[RECORDS FOR THIS TASK]
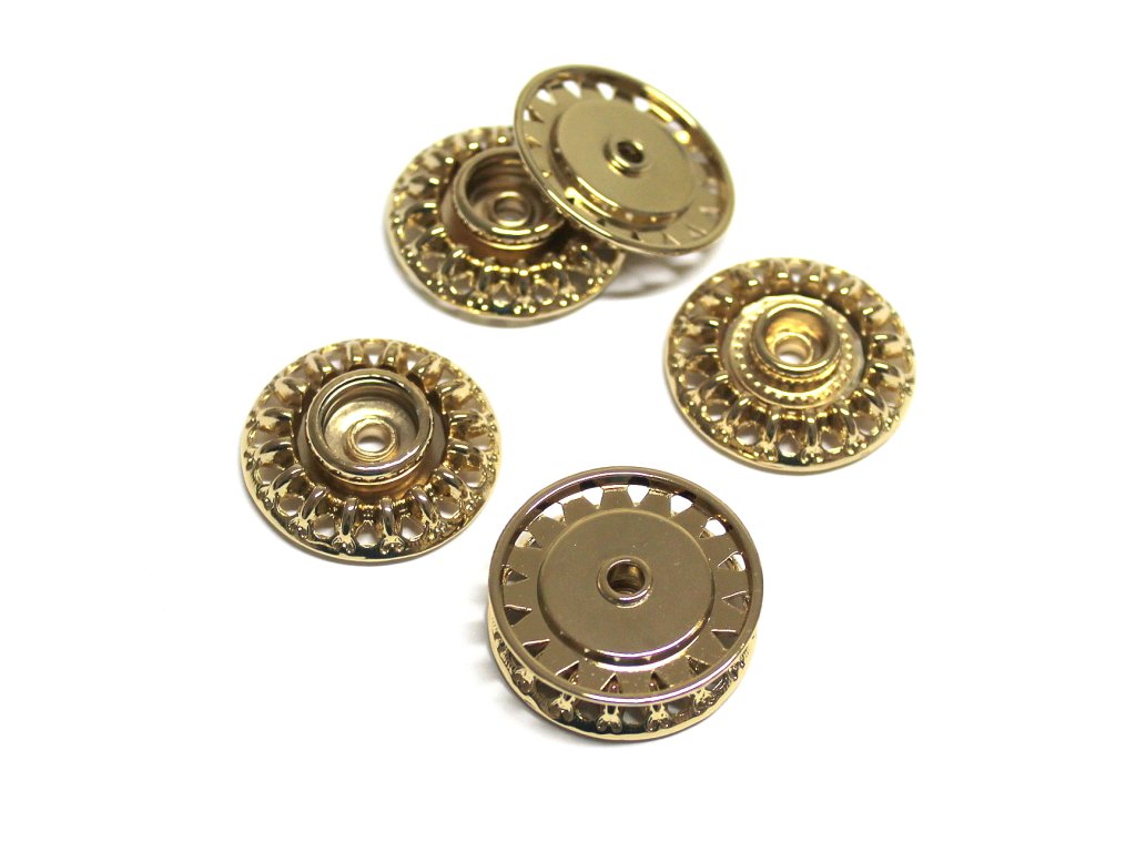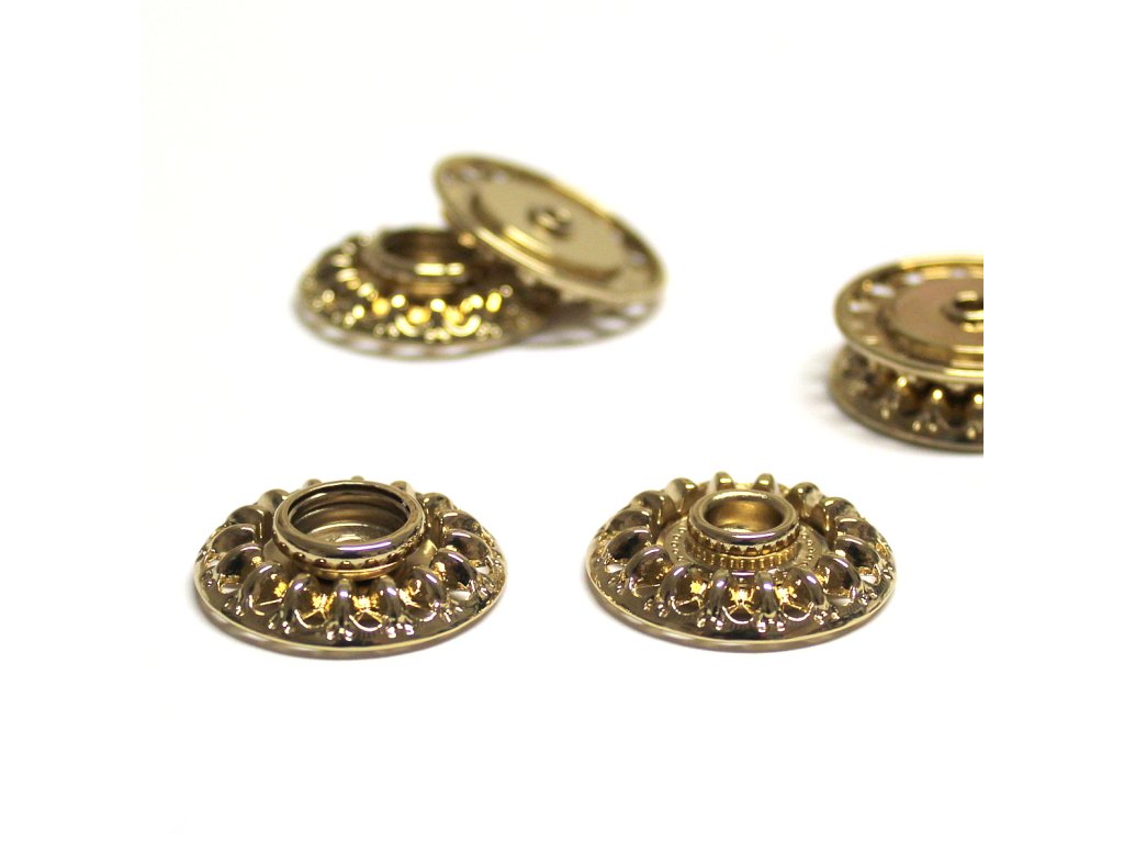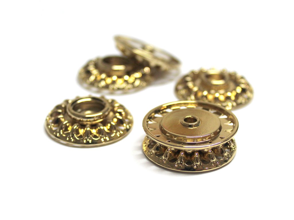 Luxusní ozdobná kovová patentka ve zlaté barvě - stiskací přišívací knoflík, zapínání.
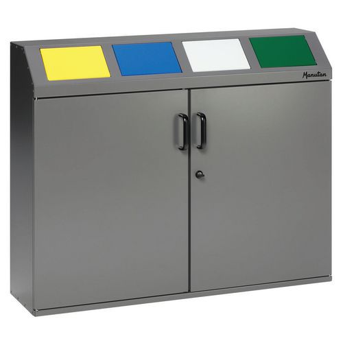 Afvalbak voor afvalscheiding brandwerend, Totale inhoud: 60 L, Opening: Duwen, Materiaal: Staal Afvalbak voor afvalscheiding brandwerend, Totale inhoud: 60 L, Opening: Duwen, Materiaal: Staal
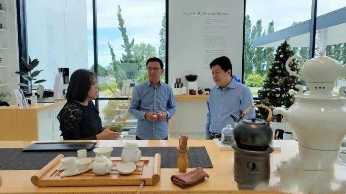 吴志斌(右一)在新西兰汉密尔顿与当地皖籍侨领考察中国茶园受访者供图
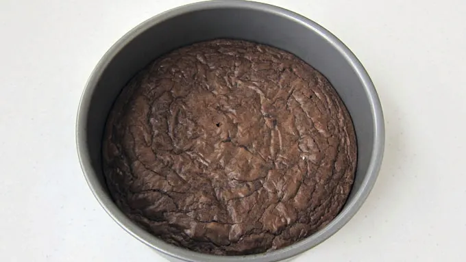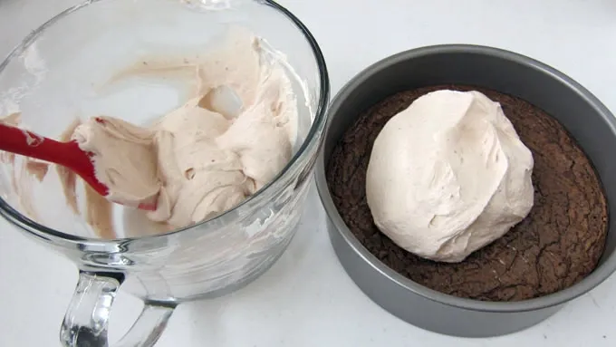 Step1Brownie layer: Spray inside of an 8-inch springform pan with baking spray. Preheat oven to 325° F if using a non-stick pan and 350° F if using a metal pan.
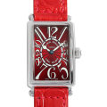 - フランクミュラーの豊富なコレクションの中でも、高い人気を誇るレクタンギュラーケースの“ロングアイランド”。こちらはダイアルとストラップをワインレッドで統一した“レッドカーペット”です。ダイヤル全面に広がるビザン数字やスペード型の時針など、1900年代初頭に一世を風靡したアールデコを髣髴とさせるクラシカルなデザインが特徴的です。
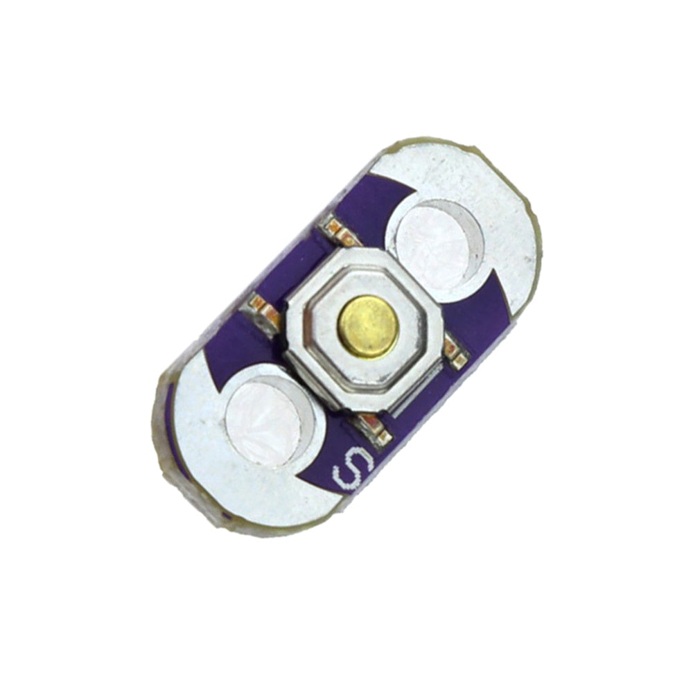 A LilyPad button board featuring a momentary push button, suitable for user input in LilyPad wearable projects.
* * *
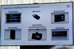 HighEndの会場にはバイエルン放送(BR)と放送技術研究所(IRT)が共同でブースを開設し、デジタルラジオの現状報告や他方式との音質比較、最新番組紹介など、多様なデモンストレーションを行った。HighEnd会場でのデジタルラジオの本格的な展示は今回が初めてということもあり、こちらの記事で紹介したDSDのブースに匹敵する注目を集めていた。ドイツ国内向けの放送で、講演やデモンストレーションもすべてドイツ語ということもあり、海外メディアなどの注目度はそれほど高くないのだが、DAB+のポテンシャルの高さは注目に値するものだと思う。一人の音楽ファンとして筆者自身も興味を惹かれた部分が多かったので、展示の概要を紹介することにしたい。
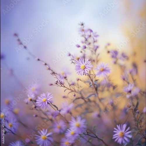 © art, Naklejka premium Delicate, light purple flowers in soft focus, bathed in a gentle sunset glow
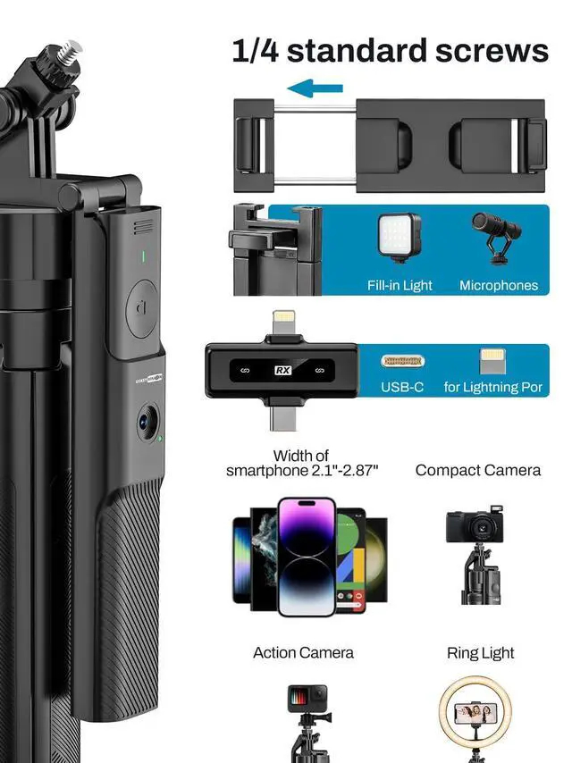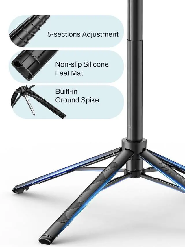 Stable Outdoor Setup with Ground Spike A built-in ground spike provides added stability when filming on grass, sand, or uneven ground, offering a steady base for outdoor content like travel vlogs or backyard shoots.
* * *
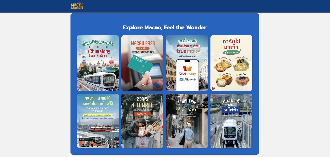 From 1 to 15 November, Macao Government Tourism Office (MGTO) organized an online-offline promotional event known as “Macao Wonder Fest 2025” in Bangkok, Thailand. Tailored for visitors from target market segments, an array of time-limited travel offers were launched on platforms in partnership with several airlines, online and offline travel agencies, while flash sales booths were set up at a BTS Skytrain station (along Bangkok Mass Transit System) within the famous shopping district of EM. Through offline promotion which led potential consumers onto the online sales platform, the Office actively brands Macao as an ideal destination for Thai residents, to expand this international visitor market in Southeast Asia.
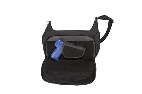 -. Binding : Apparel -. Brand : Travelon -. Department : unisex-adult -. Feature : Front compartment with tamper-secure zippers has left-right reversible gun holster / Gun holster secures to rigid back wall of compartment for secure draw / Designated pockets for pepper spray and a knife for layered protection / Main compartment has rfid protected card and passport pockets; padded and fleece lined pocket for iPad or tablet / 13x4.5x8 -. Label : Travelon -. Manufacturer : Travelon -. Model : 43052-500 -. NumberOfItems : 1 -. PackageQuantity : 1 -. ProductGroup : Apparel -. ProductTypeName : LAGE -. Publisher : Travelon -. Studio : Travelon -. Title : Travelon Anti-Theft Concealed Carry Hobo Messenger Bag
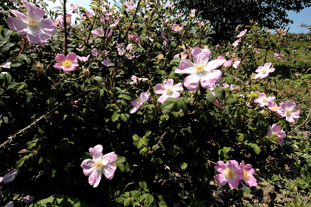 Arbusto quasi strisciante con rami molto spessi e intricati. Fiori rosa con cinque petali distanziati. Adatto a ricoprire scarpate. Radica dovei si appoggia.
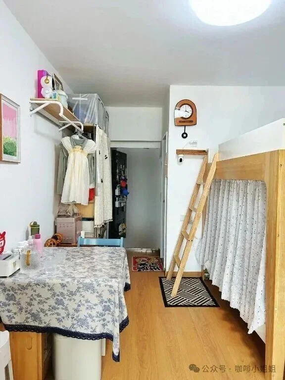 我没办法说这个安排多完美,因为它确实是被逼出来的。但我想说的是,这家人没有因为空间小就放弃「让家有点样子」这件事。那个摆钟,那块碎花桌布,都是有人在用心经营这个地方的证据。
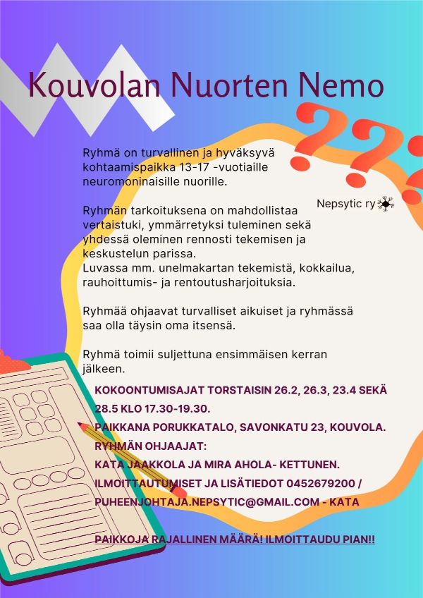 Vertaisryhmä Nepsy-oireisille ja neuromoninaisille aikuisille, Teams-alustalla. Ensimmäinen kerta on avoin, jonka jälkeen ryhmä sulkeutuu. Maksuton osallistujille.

[TASK STATEMENT]
Produce an exact reproduction of the listing above, limited to the lines starting at the line with "Materiaal: Staal Afvalbak" and ending at the line with "A LilyPad button", both kept, with every picture left out.

[WRITTEN RESPONSE]
 Afvalbak voor afvalscheiding brandwerend, Totale inhoud: 60 L, Opening: Duwen, Materiaal: Staal Afvalbak voor afvalscheiding brandwerend, Totale inhoud: 60 L, Opening: Duwen, Materiaal: Staal
 吴志斌(右一)在新西兰汉密尔顿与当地皖籍侨领考察中国茶园受访者供图
 Step1Brownie layer: Spray inside of an 8-inch springform pan with baking spray. Preheat oven to 325° F if using a non-stick pan and 350° F if using a metal pan.
 - フランクミュラーの豊富なコレクションの中でも、高い人気を誇るレクタンギュラーケースの“ロングアイランド”。こちらはダイアルとストラップをワインレッドで統一した“レッドカーペット”です。ダイヤル全面に広がるビザン数字やスペード型の時針など、1900年代初頭に一世を風靡したアールデコを髣髴とさせるクラシカルなデザインが特徴的です。
 A LilyPad button board featuring a momentary push button, suitable for user input in LilyPad wearable projects.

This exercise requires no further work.